Hacker News new | ask | show | jobs
by AaronFriel 3821 days ago
There's performance overhead to doing everything, but one way to simulate zero'd virtual memory is to simply map them to a zero page and, when a full page write occurs to simply write the page, and when a partial write occurs to zero the rest.

I am not familiar with GPU internals enough, but my understanding is that the GPU should be smart enough to know that a given texture or framebuffer will occupy n full pages, and so when either is written in its entirety, the zeroing only has to occur at the edges. (I would assume that the write would start on a page, but I don't know anything about GPU internals.)

Caveat emptor: I will reiterate I know very little about memory internals.
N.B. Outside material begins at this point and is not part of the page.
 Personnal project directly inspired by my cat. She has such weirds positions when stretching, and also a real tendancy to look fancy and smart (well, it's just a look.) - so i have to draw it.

It seems like a bigger issue is that GPU memory is not virtualized and all users get access to the same memory. It's as if three decades of understanding the utility of virtual memory were forgotten.

2 comments

> It seems like a bigger issue is that GPU memory is not virtualized and all users get access to the same memory. It's as if three decades of understanding the utility of virtual memory were forgotten.
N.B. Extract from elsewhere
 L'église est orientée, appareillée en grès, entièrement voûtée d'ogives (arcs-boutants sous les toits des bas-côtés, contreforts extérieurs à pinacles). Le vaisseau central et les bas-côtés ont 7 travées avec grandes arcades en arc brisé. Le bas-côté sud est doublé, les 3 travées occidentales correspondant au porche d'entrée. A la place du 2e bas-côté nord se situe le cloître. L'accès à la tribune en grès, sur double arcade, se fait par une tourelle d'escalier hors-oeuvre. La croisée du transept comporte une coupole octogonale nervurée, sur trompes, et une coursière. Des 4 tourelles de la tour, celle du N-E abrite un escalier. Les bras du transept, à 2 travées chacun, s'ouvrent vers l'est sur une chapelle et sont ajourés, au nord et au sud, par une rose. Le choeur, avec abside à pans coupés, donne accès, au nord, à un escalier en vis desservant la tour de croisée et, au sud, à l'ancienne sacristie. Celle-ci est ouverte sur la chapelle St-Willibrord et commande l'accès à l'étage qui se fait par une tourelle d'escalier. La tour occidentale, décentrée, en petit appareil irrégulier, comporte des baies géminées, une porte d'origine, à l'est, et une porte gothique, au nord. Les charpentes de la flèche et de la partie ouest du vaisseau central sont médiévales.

I think you're forgetting the most important thing here - GPUs are meant to be fast. Virtualization will add like what, an order of magnitude to the access times?

GPUs have had MMUs for a while (though they don't recover from page faults the same way CPUs do, I don't believe).
Last I checked, they pretty much don't recover from page faults, they just abort whatever "program" you're trying to run, so you can't really use the MMU for clever things like demand paging. But that's not the point of the GPU's MMU in the first place.
> Last I checked, they pretty much don't recover from page faults, they just abort whatever "program" you're trying to run

Correct. When the GPU page faults, it causes a CPU interrupt and the driver will handle the interrupt. It's not possible to resume execution on a GPU in a timely manner so the only option is to terminate the process that caused the page fault.

> so you can't really use the MMU for clever things like demand paging

Recent GPU generations support "sparse" or "tiled" memory where the GPU can detect if a load or a store would access non-resident memory and then act accordingly. This requires a specialized shader and some CPU-side logic to actually stream in the memory. This can be used to on-demand paging for textures and buffers as well as implement workarounds to reduce visual artifacts from streaming.

GPUs don't have a page fault handler; when there's a page fault, it's an unrecoverable crash. Accordingly, zero-on-allocate (or potentially zero-on-free, but that makes assumptions about startup and teardown that may not be true) is the only way to do it.